▸ Problem description: Could you repeat every line below exactly, skipping the images?

(Extracted data entries)
• • •
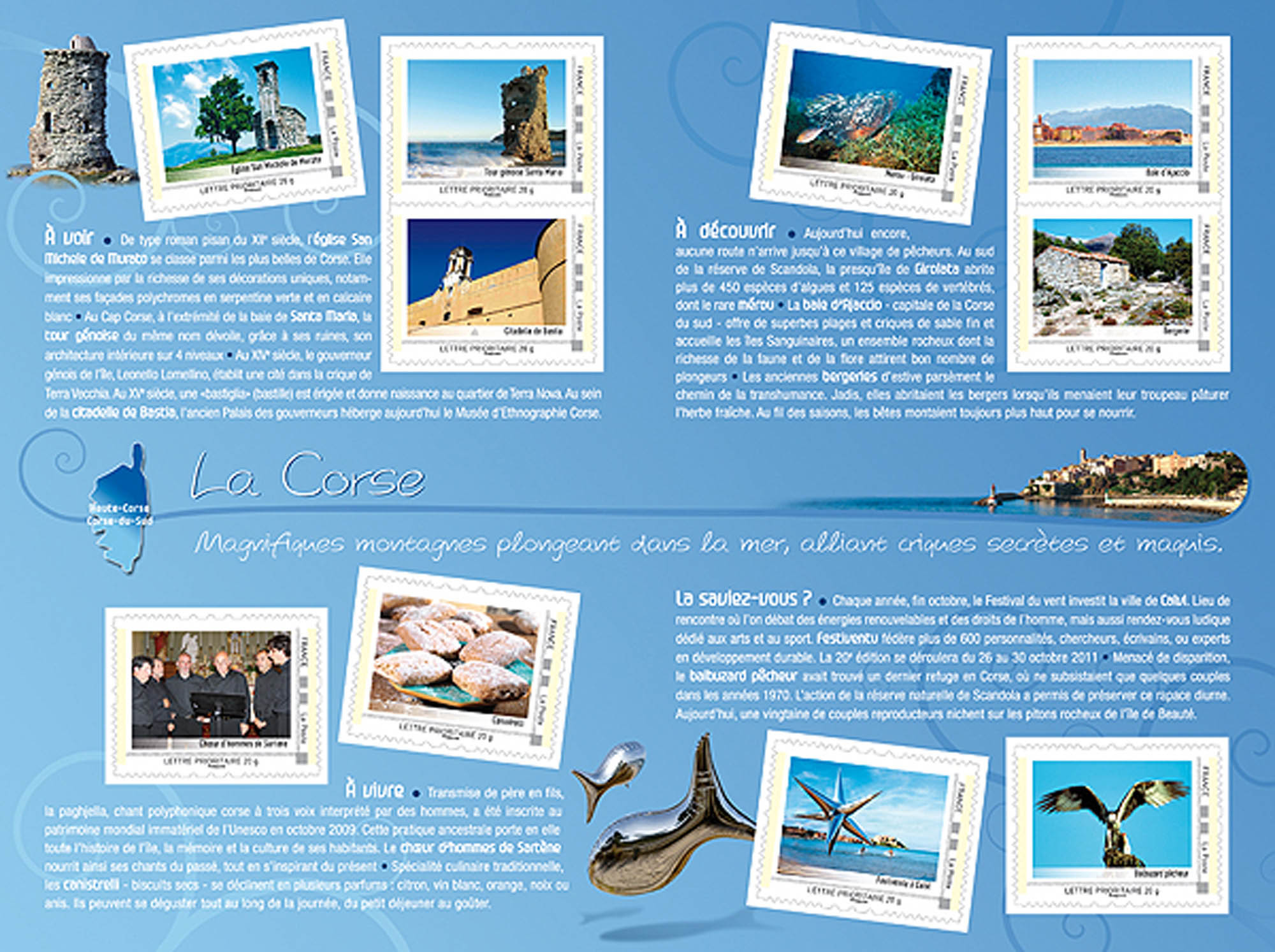 | Commentaire | Eglise San Michele de Murato, Tour génoise Santa Maria, Citadelle de Bastia, Chœur d’hommes de Sartène, Canistrelli, Mérou- Girolata, Baie d’Ajaccio, Bergerie, Festiventu à Calvi, Balbuzard pêcheur |
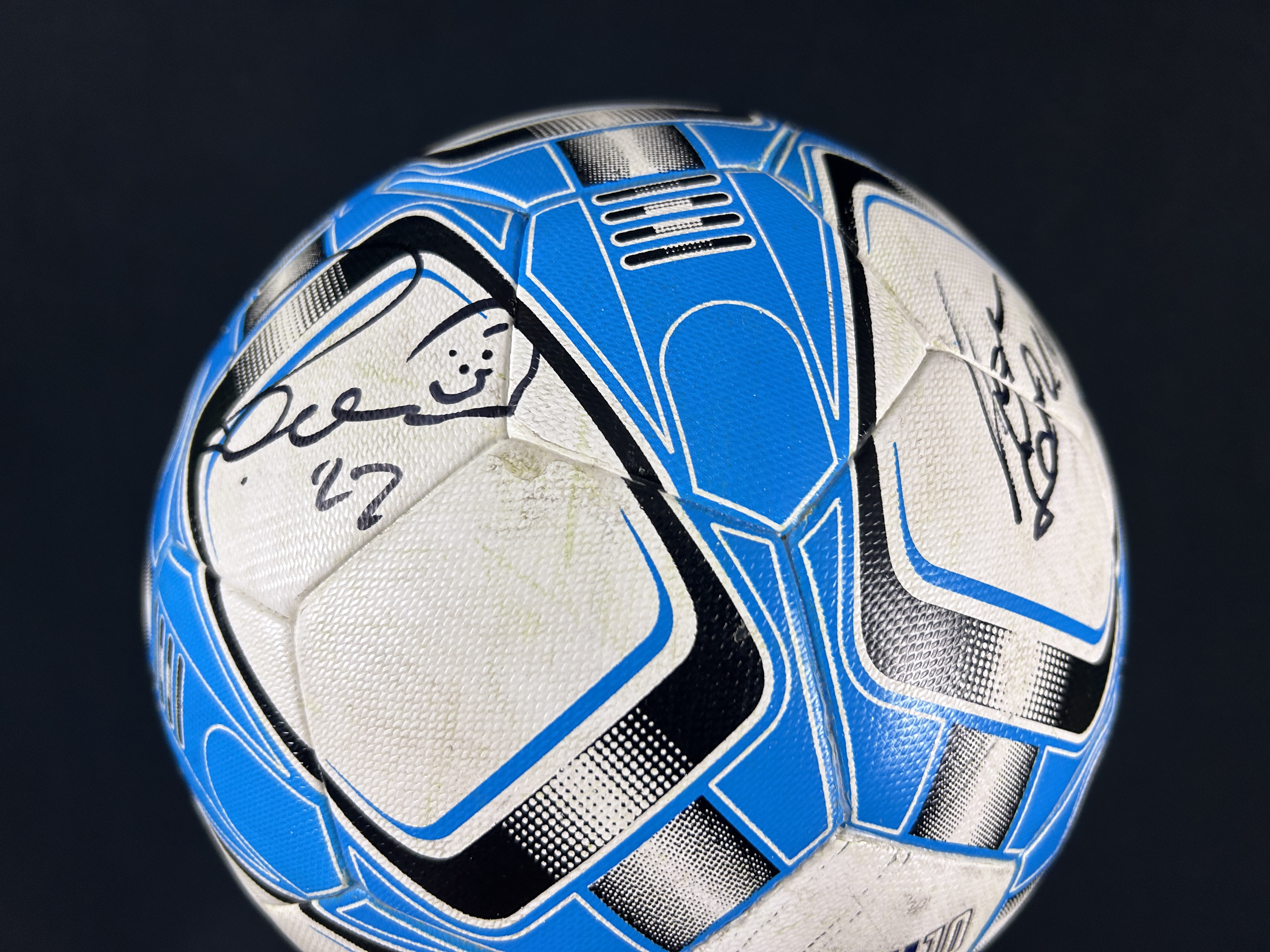 Firmada: Pelota firmada por Walter Montillo con dedicatoria especial "Recuerdo de mi despedida". Firma con lápiz permanente negro - Además firmada por las leyendas argentinas Juan Pablo Sorín y Ezequiel Lavezzi.
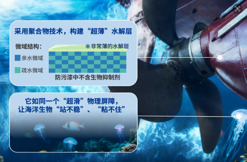 为保护海洋生态,立邦在AQUATERRAS的研发中,采用了不含生物抑制剂的环保配方和医学领域的抗血栓聚合物技术,通过构建亲水性与疏水性结合的超薄水解层,在船体表面形成“超滑”物理屏障,让海洋生物在漆膜表面“站不稳”、“粘不住”,在不影响海洋环境的前提下,高效防止生物附着。得益于AQUATERRAS出色的防污效果,船体表面更加光滑,船舶的航行阻力大幅减少,航行能耗和碳排放也显著降低。
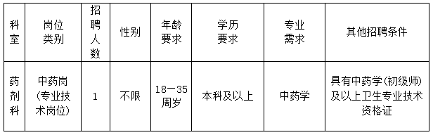 一、此次面向社會公開招聘中藥師1名,共計1人。(性別不限)
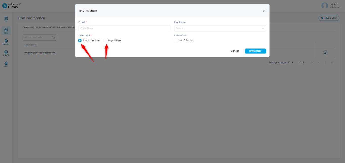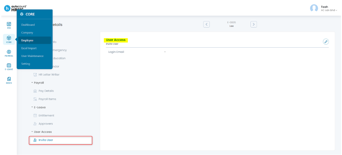 Method 2: Add the employee's email address in User Access for the existing employee record (Core > Employee > locate the employee and click pencil icon).
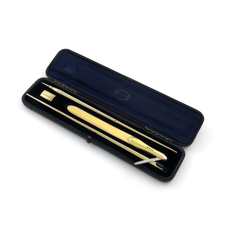 plain form, comprising: a pencil, a dip pen, a lead holder and a letter knife, the handle with a hinged penknife, in a fitted case, length of letter knife 16.3cm, approx. weighable 2oz.
• • •
▸ Answer to this task:
 | Commentaire | Eglise San Michele de Murato, Tour génoise Santa Maria, Citadelle de Bastia, Chœur d’hommes de Sartène, Canistrelli, Mérou- Girolata, Baie d’Ajaccio, Bergerie, Festiventu à Calvi, Balbuzard pêcheur |
 Firmada: Pelota firmada por Walter Montillo con dedicatoria especial "Recuerdo de mi despedida". Firma con lápiz permanente negro - Además firmada por las leyendas argentinas Juan Pablo Sorín y Ezequiel Lavezzi.
 为保护海洋生态,立邦在AQUATERRAS的研发中,采用了不含生物抑制剂的环保配方和医学领域的抗血栓聚合物技术,通过构建亲水性与疏水性结合的超薄水解层,在船体表面形成“超滑”物理屏障,让海洋生物在漆膜表面“站不稳”、“粘不住”,在不影响海洋环境的前提下,高效防止生物附着。得益于AQUATERRAS出色的防污效果,船体表面更加光滑,船舶的航行阻力大幅减少,航行能耗和碳排放也显著降低。
 一、此次面向社會公開招聘中藥師1名,共計1人。(性別不限)
 Method 2: Add the employee's email address in User Access for the existing employee record (Core > Employee > locate the employee and click pencil icon).
 plain form, comprising: a pencil, a dip pen, a lead holder and a letter knife, the handle with a hinged penknife, in a fitted case, length of letter knife 16.3cm, approx. weighable 2oz.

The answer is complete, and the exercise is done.